L'art. 66 RAI relatif à la qualité
pour agir prescrit ce qui suit:
" 1 L’exercice du droit aux
prestations appartient à l’assuré ou à son représentant légal, ainsi qu’aux
autorités ou tiers qui l’assistent régulièrement ou prennent soin de lui de manière
permanente.
1bis Si
l’assuré n’exerce pas lui-même le droit aux prestations, il doit autoriser les personnes
et les instances mentionnées dans la demande à fournir aux organes de l’assurance-invalidité
tous les renseignements et les documents nécessaires pour établir ce droit et
le bien-fondé de prétentions récursoires (art. 6a, al. 1, LAI).
2.
Si l’assuré
est incapable de discernement, son représentant légal accorde l’autorisation visée
à l’art. 6a, al. 1, LAI en signant la demande."

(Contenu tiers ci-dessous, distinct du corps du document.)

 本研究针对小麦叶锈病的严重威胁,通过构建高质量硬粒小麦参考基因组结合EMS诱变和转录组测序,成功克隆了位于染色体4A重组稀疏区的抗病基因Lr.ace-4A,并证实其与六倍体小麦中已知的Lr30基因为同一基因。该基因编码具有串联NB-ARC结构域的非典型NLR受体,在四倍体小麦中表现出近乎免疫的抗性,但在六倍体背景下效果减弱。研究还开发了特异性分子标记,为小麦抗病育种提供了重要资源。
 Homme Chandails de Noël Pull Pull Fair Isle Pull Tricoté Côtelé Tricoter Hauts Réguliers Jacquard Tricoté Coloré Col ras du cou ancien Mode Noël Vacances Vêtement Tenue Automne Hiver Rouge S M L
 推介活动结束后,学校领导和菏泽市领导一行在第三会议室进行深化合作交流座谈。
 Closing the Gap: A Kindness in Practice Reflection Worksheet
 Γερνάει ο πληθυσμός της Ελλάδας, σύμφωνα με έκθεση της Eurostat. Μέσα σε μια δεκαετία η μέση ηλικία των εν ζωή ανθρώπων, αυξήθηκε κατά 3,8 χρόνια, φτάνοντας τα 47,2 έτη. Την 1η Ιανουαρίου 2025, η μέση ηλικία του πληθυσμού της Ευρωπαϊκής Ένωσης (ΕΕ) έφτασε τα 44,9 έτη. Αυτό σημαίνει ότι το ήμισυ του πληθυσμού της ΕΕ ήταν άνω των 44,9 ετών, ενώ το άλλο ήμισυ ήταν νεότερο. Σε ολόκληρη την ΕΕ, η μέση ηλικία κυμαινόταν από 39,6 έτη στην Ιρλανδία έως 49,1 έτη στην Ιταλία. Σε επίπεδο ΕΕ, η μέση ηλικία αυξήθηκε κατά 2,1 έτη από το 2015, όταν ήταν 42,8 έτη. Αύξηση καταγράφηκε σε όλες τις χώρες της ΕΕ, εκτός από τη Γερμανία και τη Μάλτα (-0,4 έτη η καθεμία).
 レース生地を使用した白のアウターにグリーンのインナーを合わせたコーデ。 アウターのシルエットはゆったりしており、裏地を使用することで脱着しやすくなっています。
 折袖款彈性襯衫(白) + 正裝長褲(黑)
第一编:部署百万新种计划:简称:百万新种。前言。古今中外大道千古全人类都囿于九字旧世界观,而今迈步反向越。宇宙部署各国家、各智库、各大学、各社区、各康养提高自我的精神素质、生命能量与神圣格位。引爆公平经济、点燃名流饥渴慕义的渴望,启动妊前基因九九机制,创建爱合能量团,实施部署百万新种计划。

Il résulte des art. 65 et 66 al. 1 RAI
qu'il appartenait en premier lieu au recourant, en sa qualité d'assuré, de
déposer la demande AI; or, lui-même, qui est juriste, n'a pas jugé utile de le
faire avant 2002.
Certes, le service social était lui
aussi habilité à exercer le droit aux prestations AI pour le recourant, mais
cela supposait que celui-ci donne obligatoirement son accord à la transmission
de renseignements et de documents le concernant, selon l'art. 66 al. 2 RAI. Il
en résulte qu'en l'absence d'un tel accord, le recourant ne pouvait pas ignorer
que le service social n'avait pas déposé de demande AI le concernant avant
l'automne 2002 (époque du dépôt de sa demande sur les conseils de l'assistante
sociale). Il ne résulte nullement du dossier de l'autorité intimée, qui ne
contient aucun certificat médical le concernant, qu'une telle demande
apparaissait par ailleurs d'emblée justifiée avant l'époque à laquelle elle a
été formulée. Le recourant ne produit lui-même pas le prétendu rapport
d'expertise qui établirait qu'il remplissait les conditions des prestations de
l'assurance-invalidité en 1999 déjà.
Quoi qu'il en soit, l'art. 41 LASV
prévoyant une obligation de remboursement dans l'hypothèse - réalisée en
l'espèce - de l'art. 41 al. 1 let. c LASV, la décision attaquée est confirmée
dès lors que la somme réclamée est disponible et que le recourant est par
ailleurs bénéficiaire d'une rente AI lui assurant la couverture de ses besoins
(dans ce sens, TA arrêts PS.2005.0364 du 4 décembre 2007 et PS.2003.0186 du 17
mars 2004 s'agissant de cession d'arriérés d'une rente AI en remboursement des
prestations de l'aide sociale vaudoise selon la LPAS).
3.
Les considérants qui précèdent conduisent au rejet
du recours.
Dispositif
Par ces motifs
la Cour de droit administratif et public
du Tribunal cantonal
arrête:
I.
Le recours est rejeté.
II.
La décision rendue le 24 octobre 2008 par le
Service de prévoyance et d'aide sociales est confirmée.
III.
Les frais du présent arrêt sont mis à la charge de
l'Etat.
Lausanne, le 2 mars 2009
Le président: La
greffière:
Le présent
arrêt est communiqué aux destinataires de l'avis d'envoi ci-joint.
Il peut faire l'objet, dans les trente
jours suivant sa notification, d'un recours au Tribunal fédéral (Cours de droit
social, Schweizerhofquai 6, 6004 Lucerne). Le recours en matière de droit
public s'exerce aux conditions des articles 82 ss de la loi du 17 juin 2005 sur
le Tribunal fédéral (LTF - RS 173.110), le recours constitutionnel subsidiaire
à celles des articles 113 ss LTF. Le mémoire de recours
doit être rédigé dans une langue officielle, indiquer les conclusions, les
motifs et les moyens de preuve, et être signé. Les motifs doivent exposer
succinctement en quoi l’acte attaqué viole le droit. Les pièces invoquées comme
moyens de preuve doivent être jointes au mémoire, pour autant qu’elles soient
en mains de la partie; il en va de même de la décision attaquée.